Before applying when, DEISA first groups shares by timestep. It keeps
collecting arrays for the current timestep and does not analyze callbacks for
that timestep until it receives any share from a higher timestep, or the final
close sentinel. The higher-timestep share acts as the signal that the previous
timestep is complete enough to inspect.
incoming shares:
event share received DEISA action
1 temperature, t = 1 collect t = 1; do not call yet
2 pressure, t = 1 collect t = 1; do not call yet
3 velocity, t = 1 collect t = 1; do not call yet
4 temperature, t = 2 now analyze callbacks for t = 1
keep temperature, t = 2 for later
After that boundary is reached, DEISA uses the callback’s when value to
decide whether the callback should run for the timestep being analyzed.
when is evaluated per callback, using only the arrays requested by that
callback.
when="AND" is the default. The callback runs only if all arrays requested
by that callback have a new share for the timestep being analyzed. If a
callback asks for temperature, pressure, and velocity, but only temperature and
pressure were shared for timestep 2, the callback is not called.

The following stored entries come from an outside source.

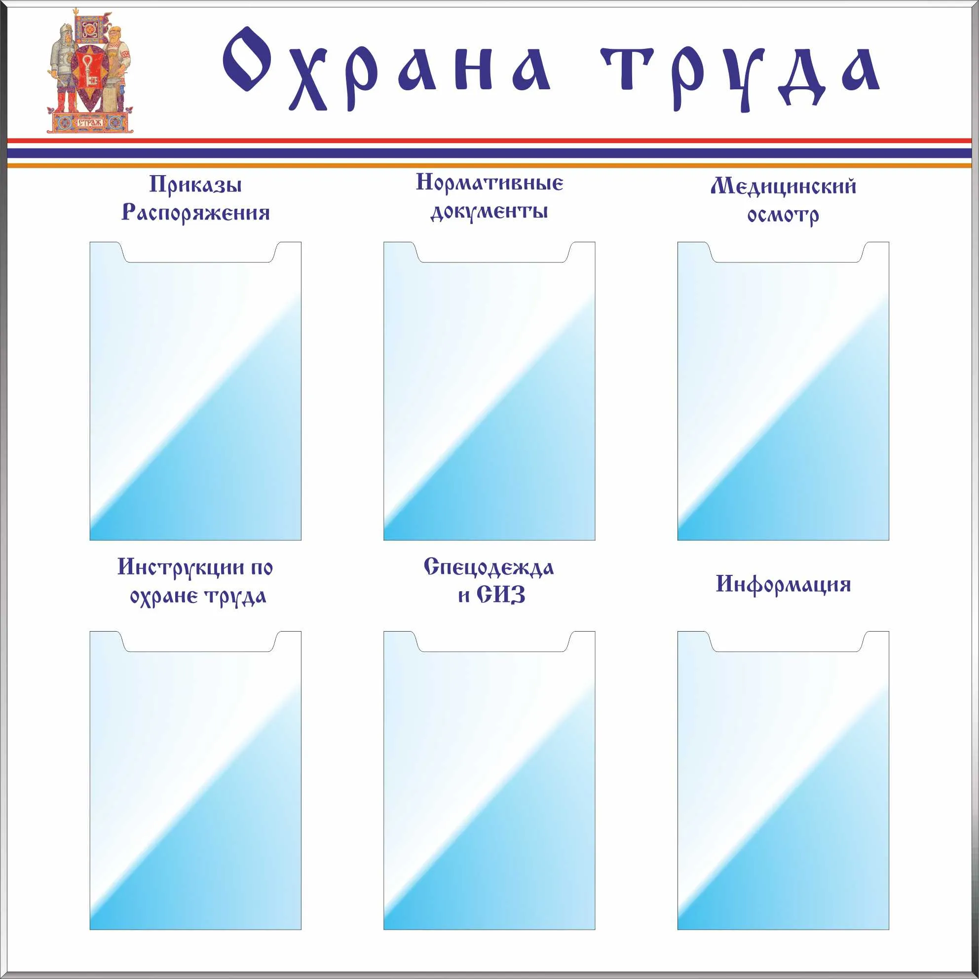 Стенд Охрана труда (Пластик ПВХ 4 мм, пластиковый профиль, 6 плоских кармана А4) (1000х1000; Пластик ПВХ 4 мм, пластиковый профиль; )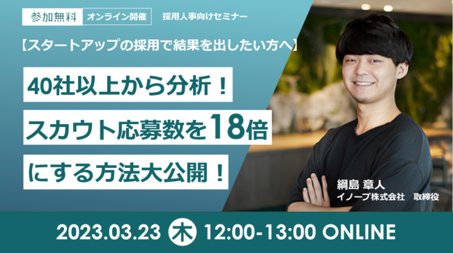 イノープ株式会社(本社:東京都渋谷区、代表取締役:佐多研人)は、3月23日に採用人事向けのウェビナー『【スタートアップの採用で成果出したい方へ】40社以上から分析!スカウト応募数を18倍にする方法を公開する採用人事向けセミナー』を開催いたします。オンライン開催で参加費無料、当日の参加も可能です。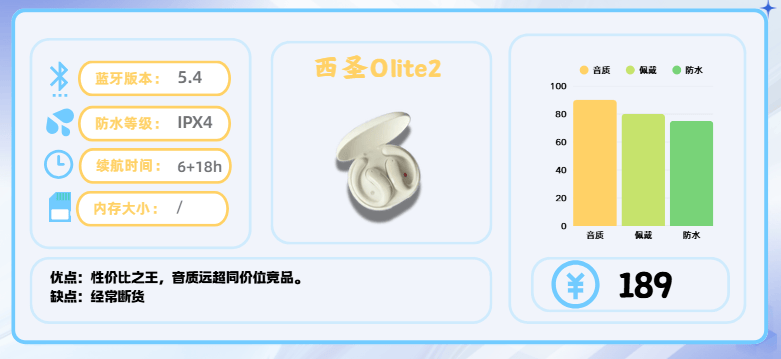 市面上不少廉价开放式耳机依旧采用硬塑料材质,佩戴时容易产生压迫感甚至耳廓疼痛。Olite2 则在舒适性上进行了突破,采用全新的 ErgoFit2.0 分段式贴耳工学设计与黄金三区支撑结构,使耳廓适配度高达 99.9%。无论不同脸型或耳型,佩戴都能稳固而不夹痛,轻盈透气,真正实现“稳而无感”。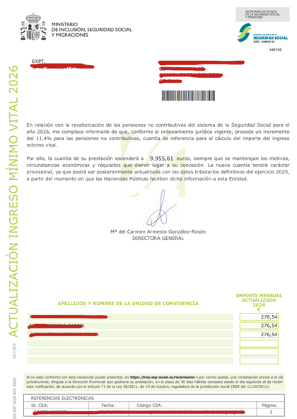 El año pasado se cobro desde enero a abril 1010 €. A partir de mayo y hasta el mes pasado 57,50€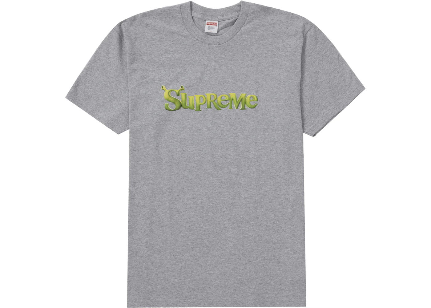 Check out the Supreme Shrek Tee Heather Grey. The NYC-based streetwear and skateboarding brand maintains its time-honored release schedule. Supreme devotees are long accustomed to Supreme's biannual releases. With each release, fans clamor to view the latest tees, which reference everything from high fashion to G-rated animated blockbusters. This is a 100% cotton t-shirt in heathered jersey fabric, done in classic Heather Grey Supreme branding in green gradient text is screen printed on the front, in the style of the DreamWorks animated film Shrek, with Shrek-like details, such as the addition of ears to the Supreme "S." The Supreme red box logo appears on the interior collar label. In our opinion, the best feature of the Heather Grey Shrek Tee is its artwork, which is both offbeat and referential. The Supreme Shrek Tee Heather Grey was released on August 19, 2021, and retailed for a price of $48. - Season FW21 - Color Heather Grey - Release Date 2021-08-19 - Retail Price 48 - Featured false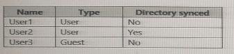 Your network contains an on-premises Active Directory domain that sync to an Azure Active Directory (Azure AD) tenant. The tenant contains the shown in the following table.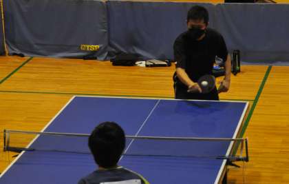 画像は中学生を相手に奮闘している2人の様子ですが、A先生については、常滑中学校のMコーチとの対戦もありました。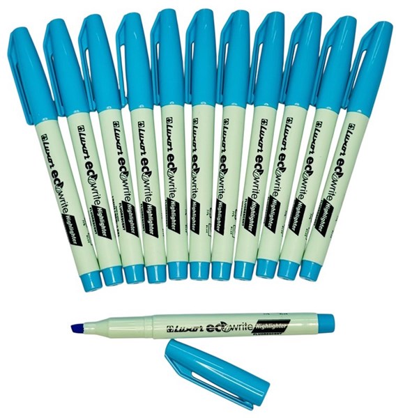 Luxor EcoWrite Blue Highlighters – Chisel Tip | 71% Recycled | Fluorescent Blue Ink – Box of 12 Eco-Friendly Markers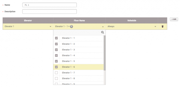 アクセスコントロールメニューでフロアレベル追加をクリックします。登録済みのエレベータを選択し、アクセス権限を設定する各フロアの名前を選択します。各エレベータが動作するフロアレベルを設定する作業です。

when="OR" runs if at least one array requested by the callback has a new
share for the timestep being analyzed. Arrays that did not receive a new share
reuse their most recent available window, after they have been seen at least
once. If none of the arrays requested by a callback have a new share, the
callback is not called in either AND or OR mode.
Callback inputs:
WindowSpec("temperature"), WindowSpec("pressure"), WindowSpec("velocity")
timestep being analyzed new shares seen when="AND" when="OR"

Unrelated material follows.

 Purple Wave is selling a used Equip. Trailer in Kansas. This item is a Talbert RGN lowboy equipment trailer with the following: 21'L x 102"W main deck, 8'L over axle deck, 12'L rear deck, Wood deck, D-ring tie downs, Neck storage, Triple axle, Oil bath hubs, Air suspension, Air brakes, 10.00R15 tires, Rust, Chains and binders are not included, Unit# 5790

t = 1 temperature, pressure, run run
velocity
t = 2 temperature, pressure do not run run
t = 3 none of these arrays do not run do not run
In both modes, callback arguments are still lists of DeisaArray objects.

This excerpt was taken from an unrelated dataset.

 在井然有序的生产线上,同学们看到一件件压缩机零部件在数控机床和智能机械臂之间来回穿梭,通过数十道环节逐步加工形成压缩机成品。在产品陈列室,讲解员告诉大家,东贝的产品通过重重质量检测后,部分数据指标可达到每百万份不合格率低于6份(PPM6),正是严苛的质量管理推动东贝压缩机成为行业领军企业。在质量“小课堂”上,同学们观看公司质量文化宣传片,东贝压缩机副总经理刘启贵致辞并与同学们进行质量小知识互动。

With when="OR", a list may be reused from an older timestep if that array
did not produce a new share for the current trigger.
Sliding window¶
If the analysis requires access to several iterations (for example, to compute
a time derivative), it is possible to use the window_size parameter.
Choose the window size from both the available system memory and the analytics
algorithm you want to run. A window_size of 5 means DEISA may need to keep
five timesteps of that array available, so it costs more memory than a smaller
window. It is the right choice for an analysis that needs five temporal points,
such as a five-point stencil finite-difference approximation.
The window size is an upper bound on what the callback receives, not a
requirement that every operation in the callback must consume the whole window.
A callback registered with window_size=5 can still compute single-timestep
statistics from temperature[-1], three-timestep estimates from the newest
three entries, and five-timestep estimates only when all five entries are
available.
Callbacks are called as soon as their input arrays are available, even before
the sliding window is full. During the first few calls, the list may contain
fewer entries than window_size. The callback must check len(window) for
any operation that needs a minimum number of timesteps.
from deisa.ray.window_handler import Deisa
from deisa.ray.types import DeisaArray, WindowSpec
d = Deisa()
@d.callback(WindowSpec("temperature", window_size=5))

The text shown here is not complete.